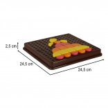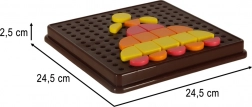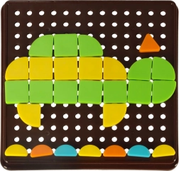 Táto mozaiková skladačka prináša deťom nekonečné možnosti tvorby. Farebné geometrické dieliky sa skladajú do perforovanej dosky a deti môžu vytvárať vlastné obrázky alebo sa inšpirovať priloženými kartami. Hra prirodzene rozvíja koordináciu oko-ruka, zrakové vnímanie a schopnosť rozlišovať farby a tvary.
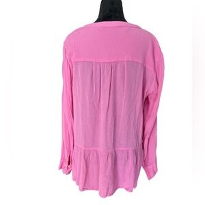 Elevate your wardrobe with this chic and feminine Life Style pink button-down blouse. Crafted from lightweight 100% viscose, this top features a flowy peplum hem, long sleeves with button cuffs, and a flattering V-neckline. Perfect for casual outings, brunch dates, or layering for workwear, this blouse combines comfort and style effortlessly. Its vibrant pink hue adds a pop of color to any outfit, making it a versatile addition to your closet. Gently pre-loved and in excellent condition.
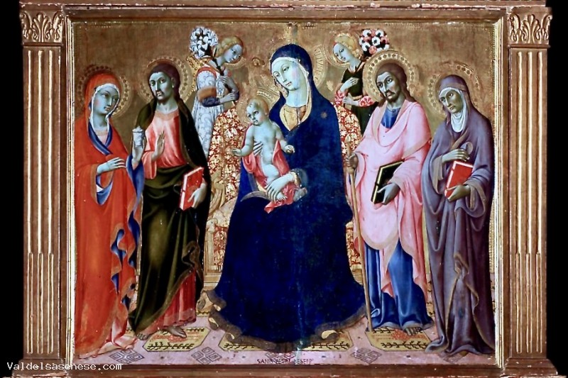 The large painting, created on a single surface and with a small temple-like upper section, resembles the external structure of the nearby Assumption of the Madonna by Vecchietta, located in the Cathedral.

────────────────

*PROBLEM:* Copy nothing but the lines from the top of the material through the line holding "Elevate your wardrobe", exactly as written; omit pictures.

*YOUR RESPONSE:*
 Táto mozaiková skladačka prináša deťom nekonečné možnosti tvorby. Farebné geometrické dieliky sa skladajú do perforovanej dosky a deti môžu vytvárať vlastné obrázky alebo sa inšpirovať priloženými kartami. Hra prirodzene rozvíja koordináciu oko-ruka, zrakové vnímanie a schopnosť rozlišovať farby a tvary.
 Elevate your wardrobe with this chic and feminine Life Style pink button-down blouse. Crafted from lightweight 100% viscose, this top features a flowy peplum hem, long sleeves with button cuffs, and a flattering V-neckline. Perfect for casual outings, brunch dates, or layering for workwear, this blouse combines comfort and style effortlessly. Its vibrant pink hue adds a pop of color to any outfit, making it a versatile addition to your closet. Gently pre-loved and in excellent condition.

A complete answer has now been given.